30. Il résulte de tout ce qui précède que M. F… et les autres requérants ne sont pas fondés à soutenir que c’est à tort que, par les jugements attaqués, le tribunal administratif de Melun a sursis à statuer sur la légalité du permis d’aménager litigieux, puis a rejeté leur demande d’annulation du permis de construire et des permis modificatifs accordés à la société MVICS. Leurs conclusions tendant à l’annulation de ces jugements et des arrêtés du maire de Gretz-Armainvilliers des 17 mai 2021, 8 février 2022 et 27 mai 2023 doivent donc être rejetées.
Sur les frais du litige :
31. Aux termes de l’article L. 761-1 du code de justice administrative : « Dans toutes les instances, le juge condamne la partie tenue aux dépens ou, à défaut, la partie perdante, à payer à l’autre partie la somme qu’il détermine, au titre des frais exposés et non compris dans les dépens (…) ». Il résulte de ces dispositions que le paiement des sommes exposées et non comprises dans les dépens ne peut être mis à la charge que de la partie qui perd pour l’essentiel. La circonstance qu’au vu de la régularisation intervenue en cours d’instance, le juge rejette finalement les conclusions dirigées contre la décision initiale, dont le requérant était fondé à soutenir qu’elle était illégale et dont il est, par son recours, à l’origine de la régularisation, ne doit pas à elle seule, pour l’application de ces dispositions, conduire le juge à mettre les frais à sa charge ou à rejeter les conclusions qu’il présente à ce titre. Il y a lieu, dans les circonstances de l’espèce, de rejeter l’ensemble des conclusions des parties présentées au titre de l’article L. 761-1 du code de justice administrative.
DÉCIDE :
Article 1er : Les requêtes n° 24PA02423 et n° 24PA02424 sont rejetées.
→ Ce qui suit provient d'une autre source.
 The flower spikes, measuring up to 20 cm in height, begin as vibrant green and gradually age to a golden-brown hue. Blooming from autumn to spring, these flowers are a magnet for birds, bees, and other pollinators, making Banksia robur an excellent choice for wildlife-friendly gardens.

Article 2 : Les conclusions présentées par la commune de Gretz-Armainvilliers sur le fondement de l’article L. 761-1 du code de justice administrative sont rejetées.
Article 3 : Le présent arrêt sera notifié à M. J… F…, premier dénommé, pour l’ensemble des requérants, à la société MVICS et à la commune de Gretz-Armainvilliers.
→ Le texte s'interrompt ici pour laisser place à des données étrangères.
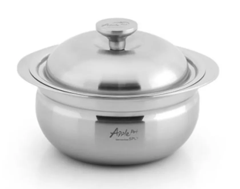 多層構造の圧倒的な保温力と熱効率の良さが魅力で最後の一滴まで美味しく頂けます。吹きこぼれしにくいくびれ形状とドーム型のフタもステンレス初心者にとって扱いやすい便利器具です。お一人の料理でも気軽に使いたくなる、そのまま食器としても利用できるリンゴ形の可愛い調理器具です。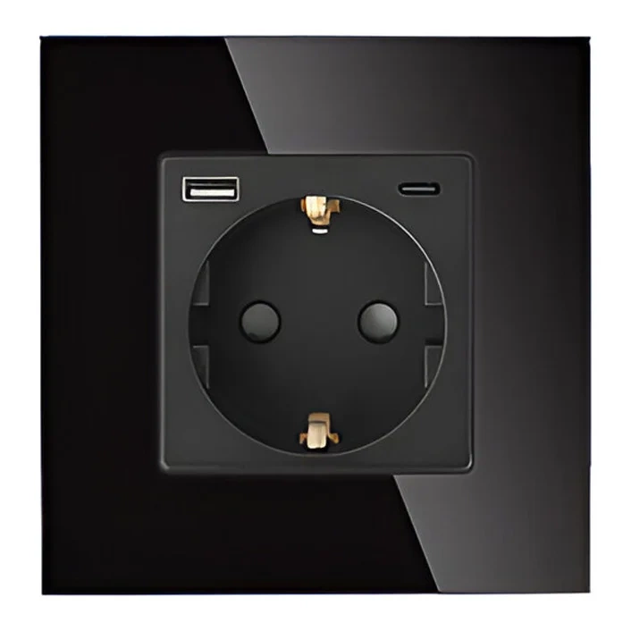 Gniazdo elektryczne pojedyncze Schuko z USB A+C 20W - szklana ramka - czarne - Tawoia Glass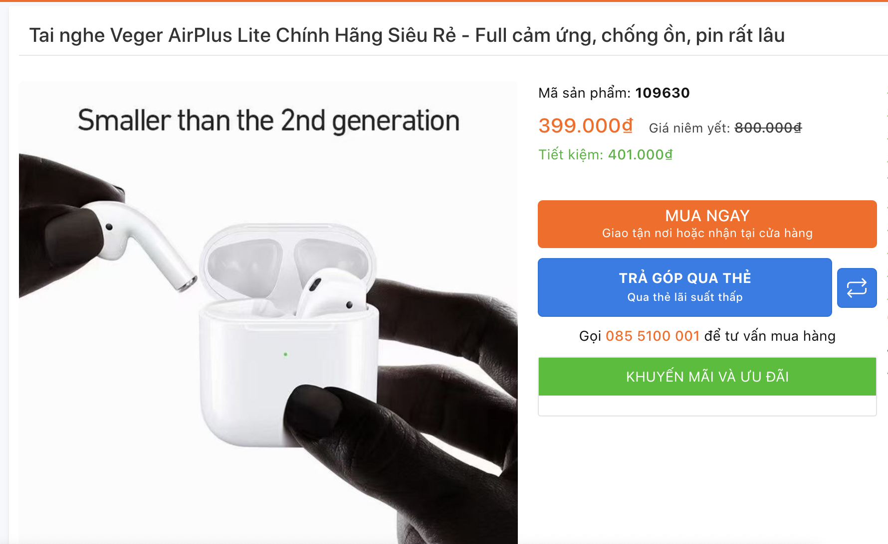 Trước hết về giá bán, Airplus Lite đang đang được giảm giá lên tới 400.000đ chỉ còn 399.000đ. Không giống như tai nghe Fake không rõ nguồn gốc trên thị trường. Đây là tai nghe chính hãng thuộc Veger- thương hiệu chuyên sản xuất phụ kiện chất lượng tại Trung Quốc. Do đó, người dùng sẽ được hưởng chế độ bảo hành 12 tháng nếu sản phẩm có lỗi.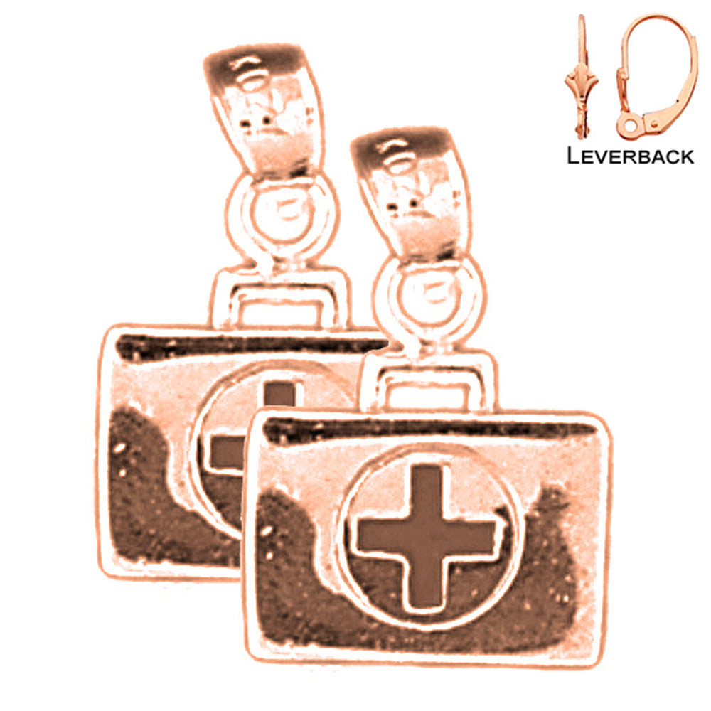 14K oder 18K Gold 17mm 3D Arzttasche Ohrringe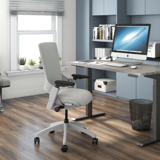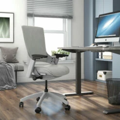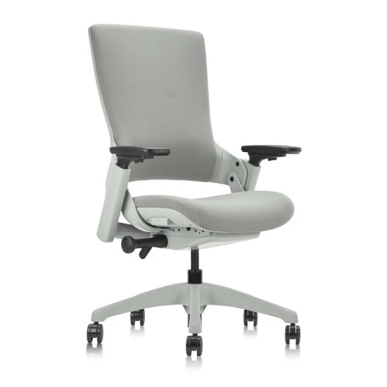 This fully adjustable ergonomic desk chair is built with a patented adaptive system that functions on a seat back linkage structure. A lumbar support has a two-inch height adjustment range, while the 3-dimensional armrest has a height adjustment button and can be modified horizontally for your elbow width on a 40° rotation.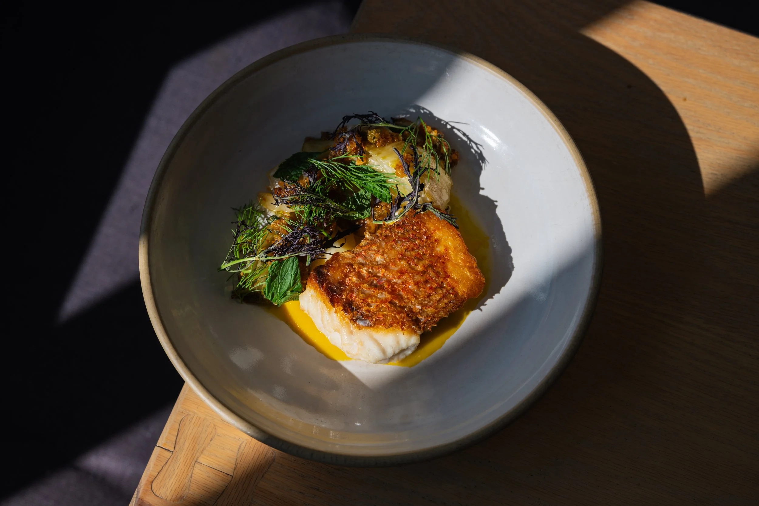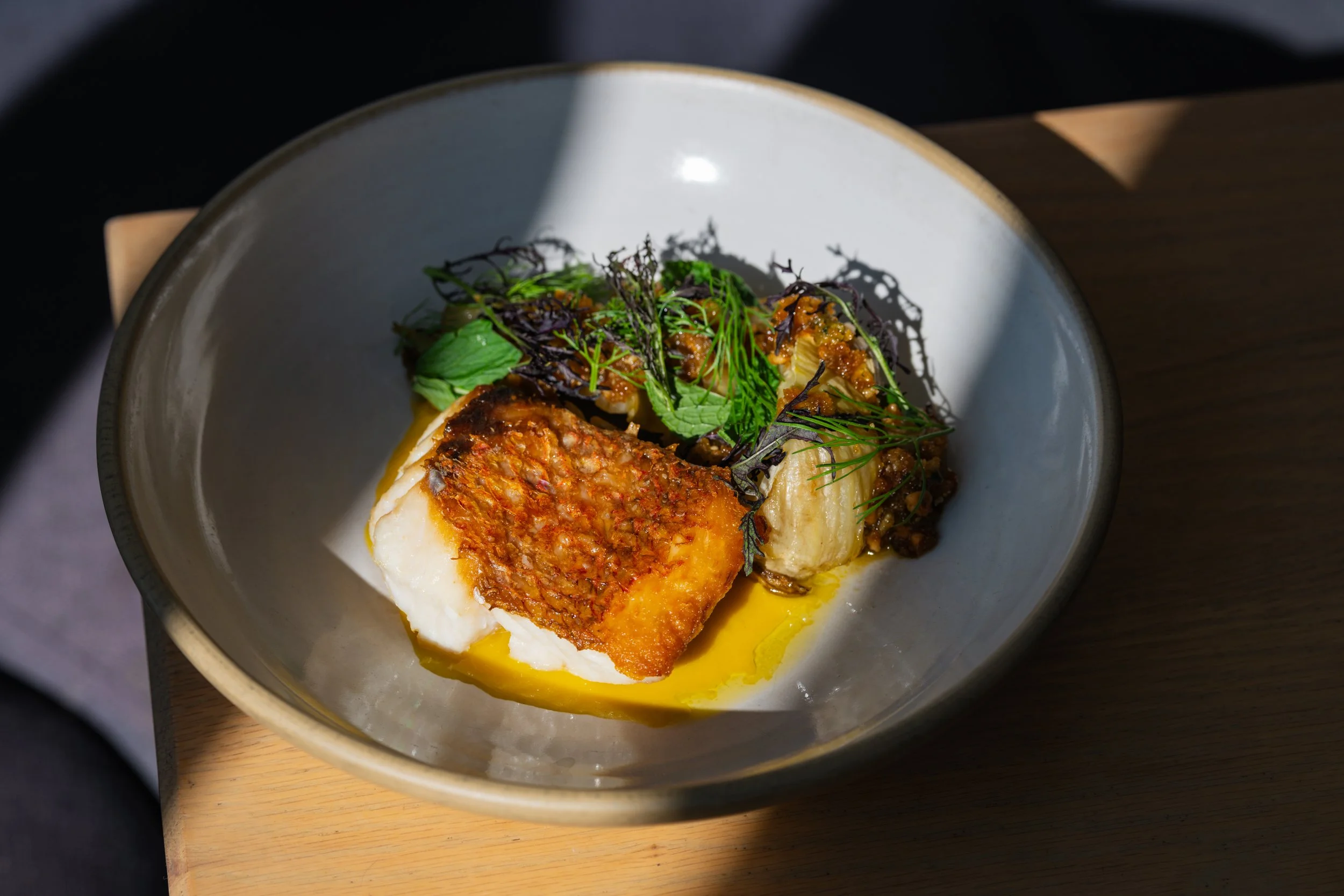 Snapper, Braised Fennel, Fennel Barigoule Sauce, Hazelnut Piccata, Fennel Fronds, Mint, Ruby Streaks

Copie en sera adressée au préfet de Seine-et-Marne.
Délibéré après l’audience du 9 octobre 2025, à laquelle siégeaient :
- M. Ivan Luben, président de chambre,
- Mme Marie-Isabelle Labetoulle, première conseillère,
- Mme Irène Jasmin-Sverdlin, première conseillère.
Rendu public par mise à disposition au greffe, le 29 octobre 2025.
La rapporteure,
I. JASMIN-SVERDLIN
Le président,
I. LUBEN
La greffière,
C. POVSE
La République mande et ordonne au préfet de Seine-et-Marne, en ce qui le concerne ou à tous commissaires de justice à ce requis en ce qui concerne les voies de droit commun contre les parties privées, de pourvoir à l’exécution de la présente décision.